Police banning Budapest Pride in Hungary, but mayor returns
BBC Budapest correspondent

Police banned the annual Budapest Pride career in Hungary later this month, prompting a challenging response from the liberal mayor, Gerglie Carxon.
“The Budapest City Hall will organize the Budapest Braid march as a local event on June 28, a period,” the mayor’s pledge.
It is the latest development in the face of the cat and mouse that motivates the government of national Prime Minister Victor Urban Fidan, supported by the city police, against the gay community and its supporters, with some legal support from the courts.
In February, Urban’s annual march has been in doubt since Urban announced that it would not take place this year, then a law was passed to restrict gatherings if they broke the laws of child protection regarding the general promotion of homosexuality.
Karaxon said that the police have no right to ban the “Day of Freedom”, which was organized by the city council as an umbrella to be proud, because it is not subject to the rules of freedom of the association.
Tens of thousands of people from Hungary and abroad will participate in the June 28 event.
“They may also try to block a unicorn procession,” the mayor wrote on Facebook.
Under the new gatherings law, passed in March, all the ones that the police set as partners use face recognition programs can be fined between 14 pounds and 420 pounds.
“Protecting children excels over all other laws. In this spirit, we have changed the laws, we create policy, and we will act in the future,” Fieldsz Communications Tamas Mentas Menczer told News Portal 444.
“Pride has nothing to do with freedom of expression or freedom of assembly … Pride is a festival, a specific sexual community festival, and it is not suitable for seeing it by children.”

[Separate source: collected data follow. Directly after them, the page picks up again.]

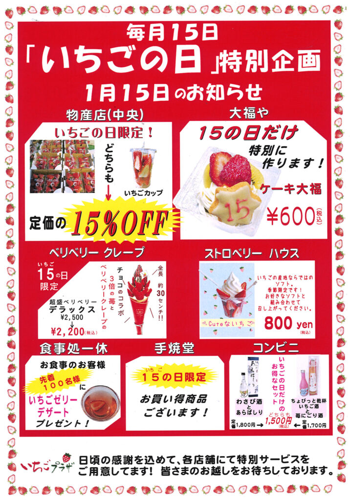 2026年最初の15日が、もうすぐやってきます。今年もやります! 「15(いちご)の日」 いちごの美味しい季節でもありいちごを使った商品のサービスを行う店舗も多いです! 「15の日」を待ちわびてくださるお客様が増えるといいなと願いつつ、従業員一同、みなさまのお越しをお待ちしております。 1月15日(木)、どうぞいちごプラザへお寄りくださいませ。
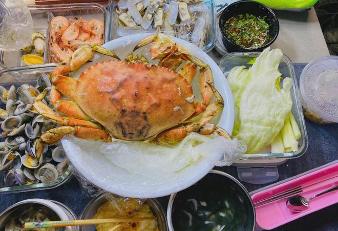 但也有放纵的时候,桌子上摆满海鲜,还不忘搭配蔬菜,很有烟火气,很难想象吃过这么多美食的关晓彤会推广植物肉和魔芋面。
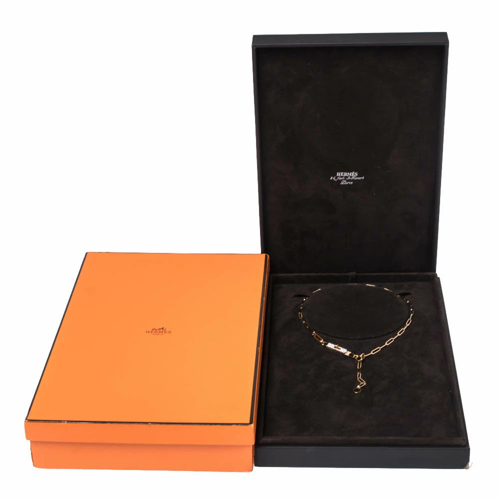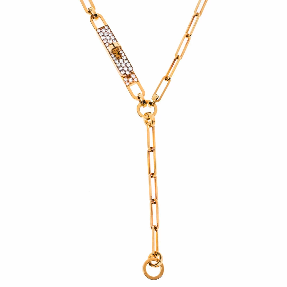 The Kelly is a name synonymous with Hermes. It is a symbol of their wondrous dedication to craftsmanship and classic style. First designed by Rober Dumas, the Kelly bag is known and coveted around the world. The lock of the bag, which is a turn lock, now appears in jewelry pieces as well. This beautiful necklace also carries the iconic Kelly lock. It comes crafted with 18K rose gold in a lariat silhouette and features the iconic lock decorated with shimmery diamonds, weighing approximately 0.62 ct. Brimming with lavish details and artistry, this wondrous creation deserves to be yours.
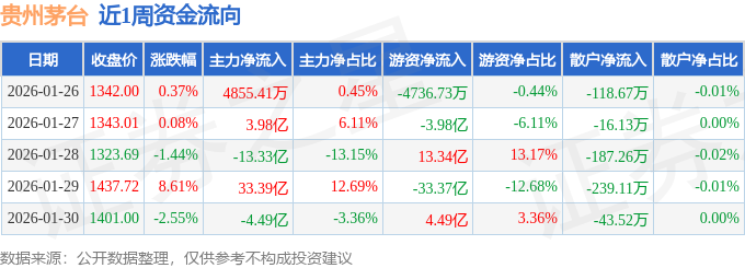 资金流向数据方面,本周贵州茅台主力资金合计净流入20.04亿元,游资资金合计净流出19.98亿元,散户资金合计净流出604.7万元。本周资金流向一览见下表:

In his annual speech to the nation’s condition last February, VikTor Orban announced that pride organizers “do not need to be disturbed this year.” This was followed by the following month according to a law that restricts the right to freedom of assembly, if it makes mistakes in the Child Protection Law 2021.
To circumvent it, the Mission Mission, which regulates Hungary’s pride, and other human rights groups, announced a series of events on June 28 in solidarity.
But they kept the authorities guessing any event that will represent Braid himself. Police attempts to ban these events have been thwarted by the Supreme Court of Hungary, Korea, in two ruling so far.

Then the mayor of Budapest appeared on June 16 with a spokesman for Budapest Pride, Matti Hegedus, in a joint video on Facebook, announcing the Day of Freedom, with events from the early morning until late in the evening.
The mayor wrote to the police that the central event was a procession through the city and the event “not pride.”
“There will be no trucks, dancers, nor gender in any way.” He stressed that the purpose of this is simply “making the nation’s capital empty.”
This is what the police are now trying to prevent, on the basis that pedestrian passers -by may witness the procession, regardless of the age of those who actually participate, or how they wear their clothes, or the banners they hold.
This would violate the Child Protection Law, as the Budapest Tamas Terdik police chief said, in a 16 -page document issued by the police, to justify the ban.
So what will really happen on June 28?
Human Rights Human Rights Group (HHC), Anyone advised to go a day to refuse to pay Any fines in a row.
They suggest anyone receiving a notification by the Post to request the right to appeal a person with the police, or in court if that fails.
The more people participate, the more likely the police try to try to do this, as it argues HHC, because it can create a huge accumulation of both the police and the courts.